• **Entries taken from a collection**
------

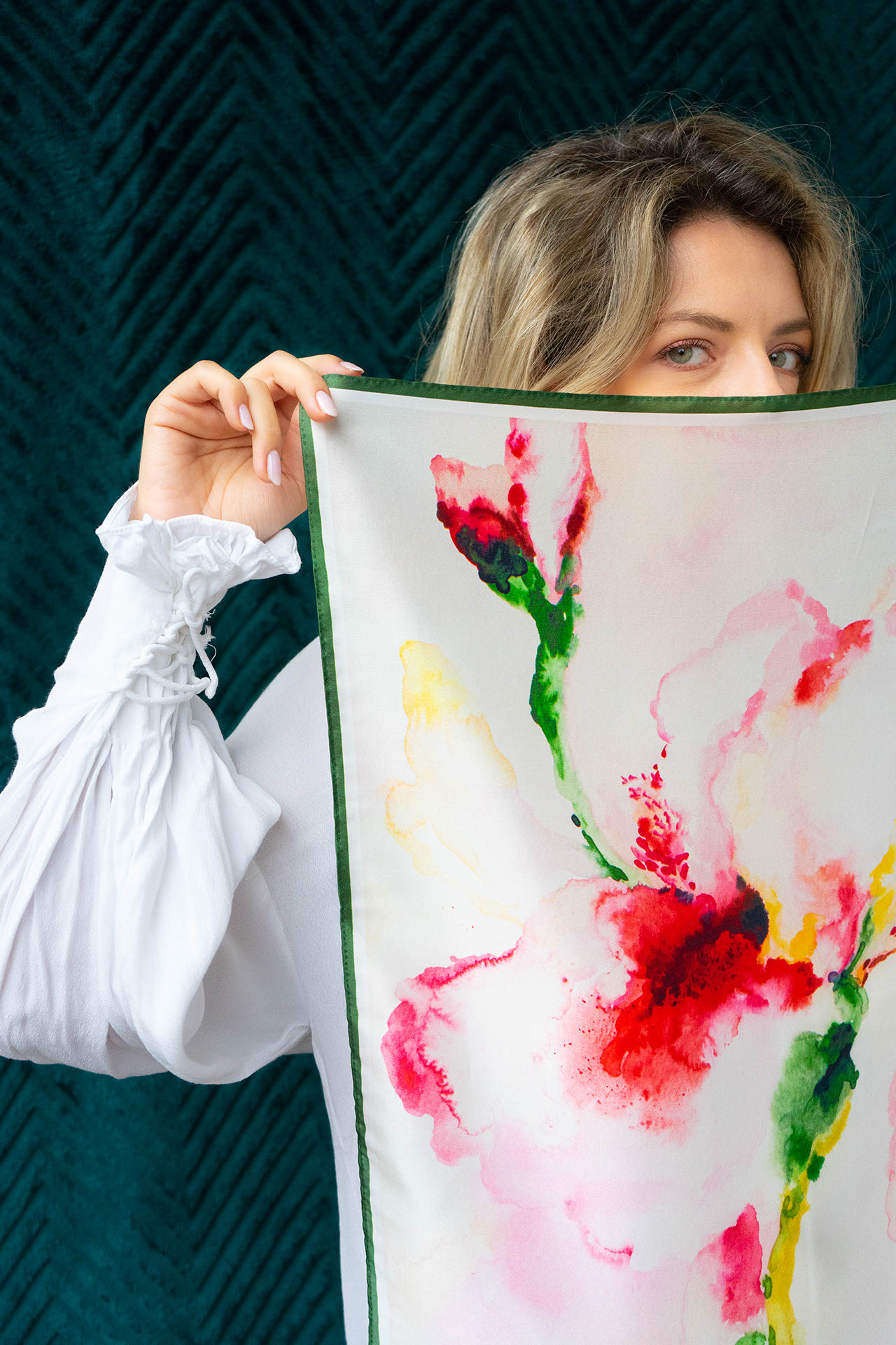 Keep the scarf in a cool, dry place. Use the iron with a textile layer on top on minimum mode. Chemical clean to preserve the beauty of your scarf for longer. Avoid directly spraying perfume or other chemicals.
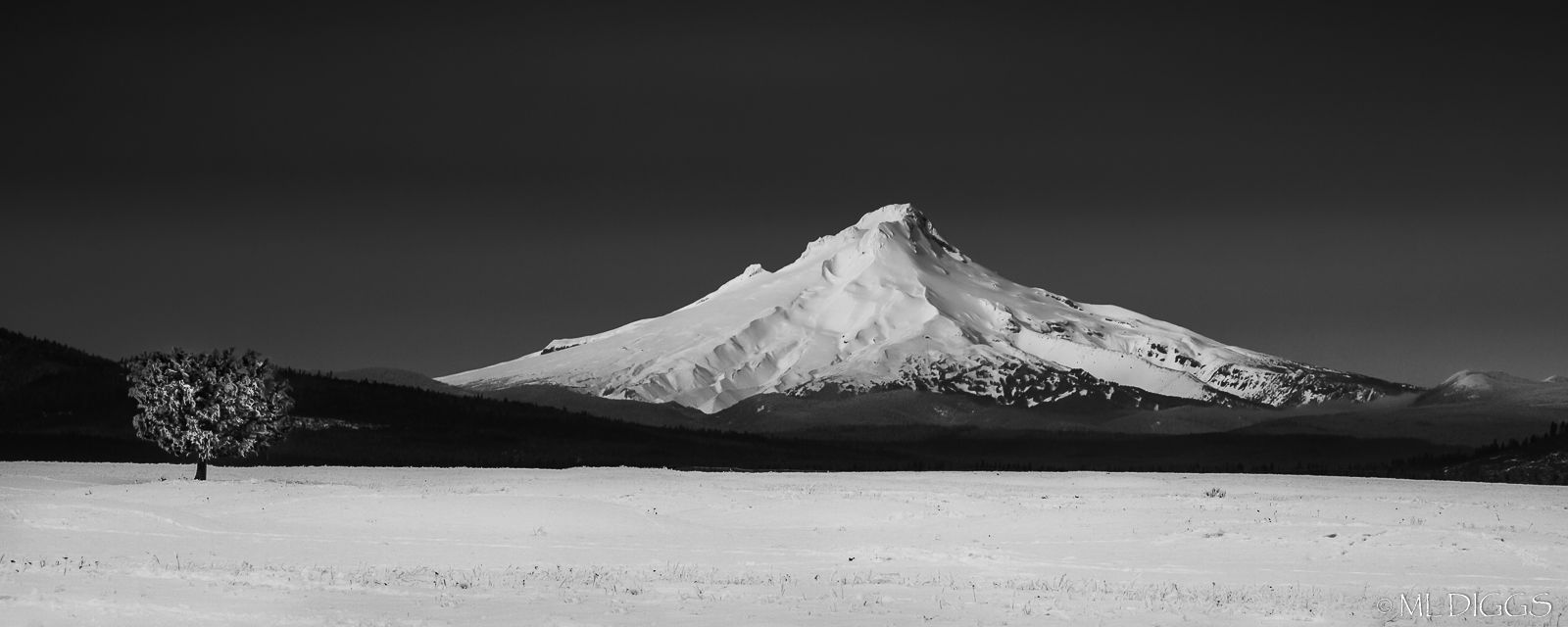 Marylynne, the whites here are real eye catchers. The close tonal match between the foreground and the mountain looks terrific. I think your pano crop fit the scene well. The tree shows nicely as well and makes a good visual foil for Mt. Hood. I do think that cropping a bit from the right (removing the ridge bump), to move Mt. Hood further right in the frame would make for more dynamic eye movement between the tree and the mountain. This is nicely dramatic in b&w.
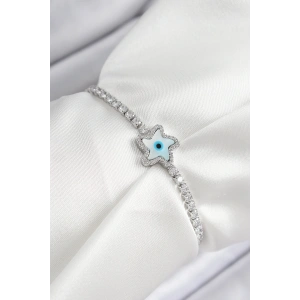 Pirinç Zirkon Taşlı Nazar Yıldız Model Gümüş Renk Asansörlü Kadın Bileklik
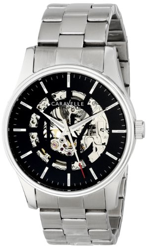 -. Binding : Watch -. Brand : Bulova -. Color : Silver/Black -. Department : mens -. EAN : 0042429513730 -. Feature : Round watch in stainless steel with three-link band and skeleton dial featuring logo initials at center / Japanese automatic movement with analog display / Protective mineral crystal dial window / Features fold-over clasp with double push-button safety closure / Water resistant to 99 feet (30 M): withstands rain and splashes of water, but not showering or submersion -. Label : Caravelle New York -. Manufacturer : Caravelle New York -. Model : 43A124 -. MPN : 43A124 -. PackageQuantity : 1 -. PartNumber : 43A124 -. ProductGroup : Watch -. ProductTypeName : WATCH -. Publisher : Caravelle New York -. ReleaseDate : 2014-09-30 -. Size : Standard -. Studio : Caravelle New York -. Title : Caravelle New York Men's 43A124 Stainless Steel Automatic Watch -. UPC : 042429513730
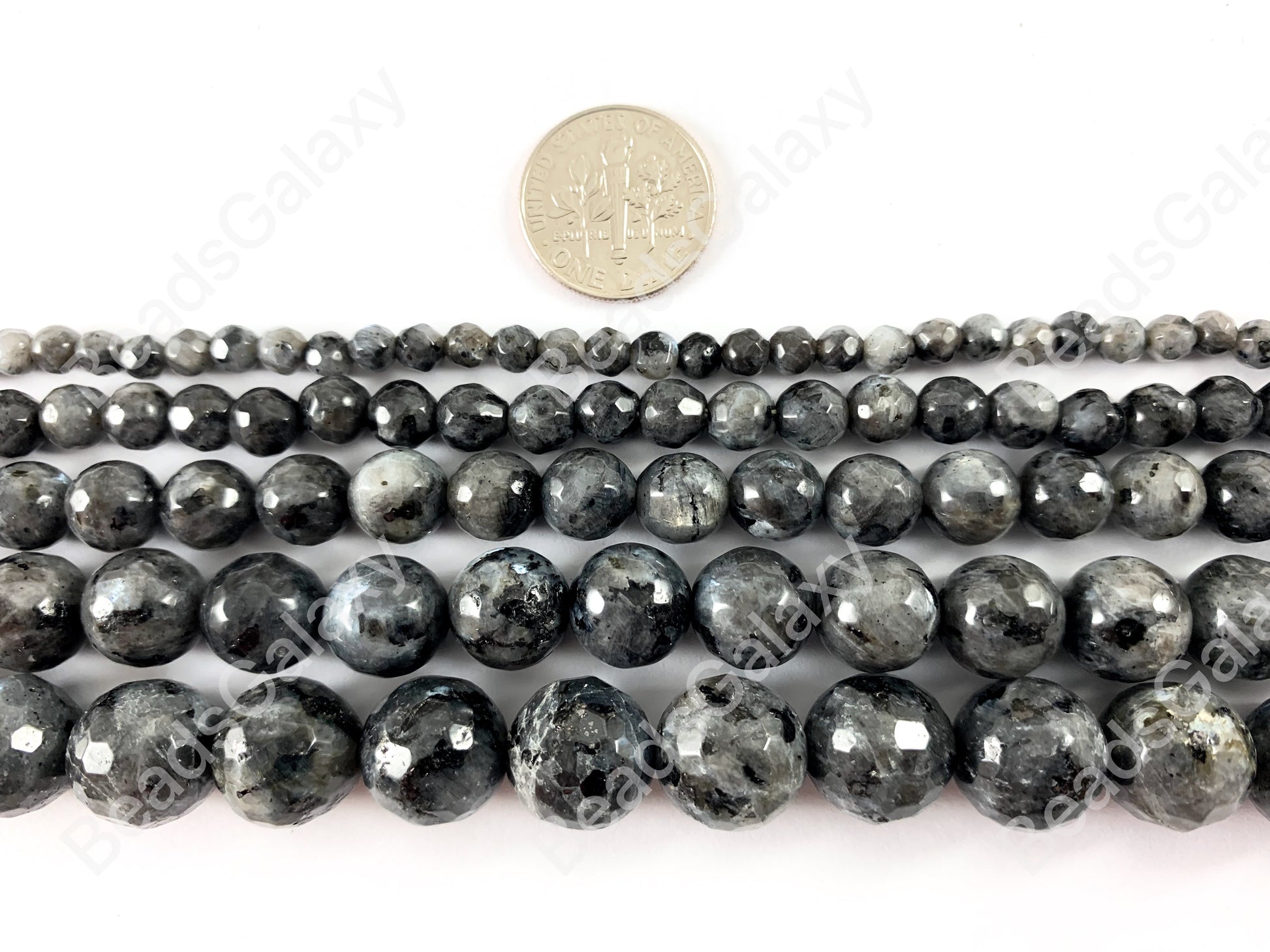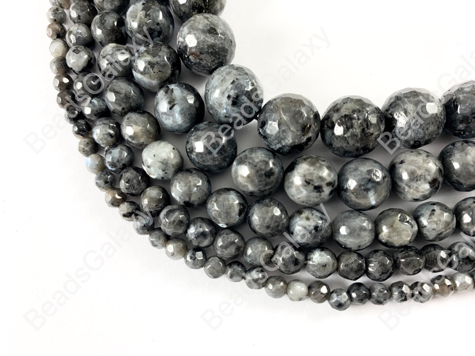Labradorita negra Larvikita Cuentas redondas de piedras preciosas naturales facetadas para pulseras de hombres y mujeres de 4 a 12 mm disponibles alrededor de 14 a 15 pulgadas
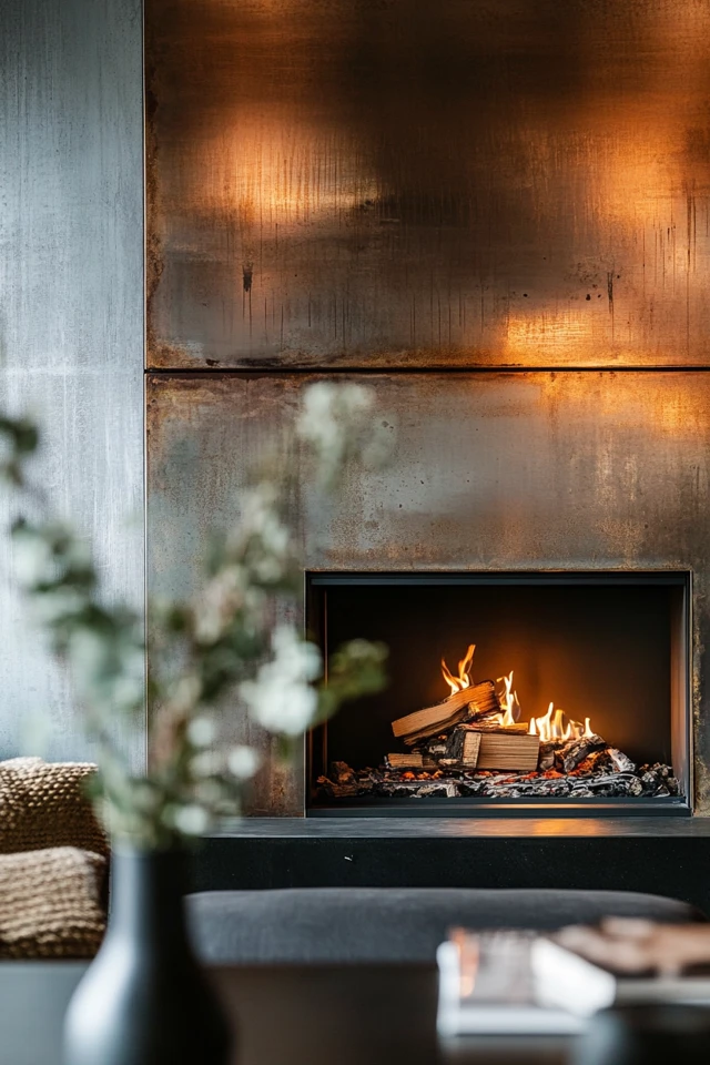 - Why It Works: Steel and metal finishes lend a sleek, contemporary edge to industrial fireplaces, capturing the utilitarian feel of the style.
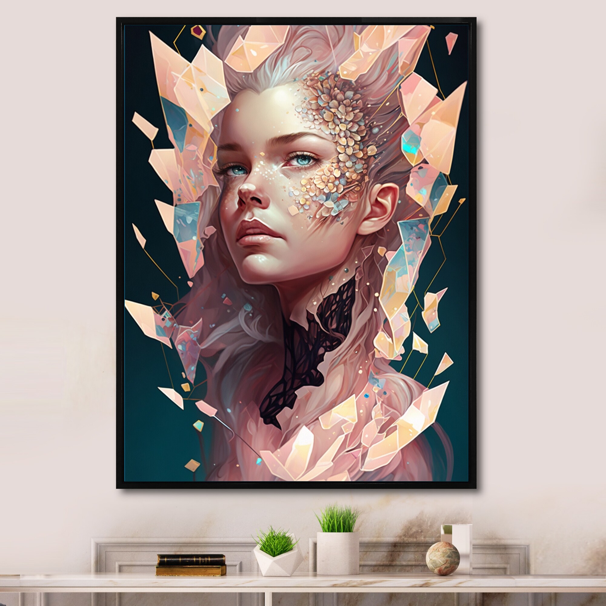 Designart "Crystal Hexagon Woman I" Modern Woman Framed Canvas Wall Art

------

• **What to produce**
Would you print, exactly as they appear, the lines from the line with "Pirinç Zirkon Taşlı" through the end of the entries above, leaving out the pictures?

• **Task answer**
 Pirinç Zirkon Taşlı Nazar Yıldız Model Gümüş Renk Asansörlü Kadın Bileklik
 -. Binding : Watch -. Brand : Bulova -. Color : Silver/Black -. Department : mens -. EAN : 0042429513730 -. Feature : Round watch in stainless steel with three-link band and skeleton dial featuring logo initials at center / Japanese automatic movement with analog display / Protective mineral crystal dial window / Features fold-over clasp with double push-button safety closure / Water resistant to 99 feet (30 M): withstands rain and splashes of water, but not showering or submersion -. Label : Caravelle New York -. Manufacturer : Caravelle New York -. Model : 43A124 -. MPN : 43A124 -. PackageQuantity : 1 -. PartNumber : 43A124 -. ProductGroup : Watch -. ProductTypeName : WATCH -. Publisher : Caravelle New York -. ReleaseDate : 2014-09-30 -. Size : Standard -. Studio : Caravelle New York -. Title : Caravelle New York Men's 43A124 Stainless Steel Automatic Watch -. UPC : 042429513730
Labradorita negra Larvikita Cuentas redondas de piedras preciosas naturales facetadas para pulseras de hombres y mujeres de 4 a 12 mm disponibles alrededor de 14 a 15 pulgadas
 - Why It Works: Steel and metal finishes lend a sleek, contemporary edge to industrial fireplaces, capturing the utilitarian feel of the style.
 Designart "Crystal Hexagon Woman I" Modern Woman Framed Canvas Wall Art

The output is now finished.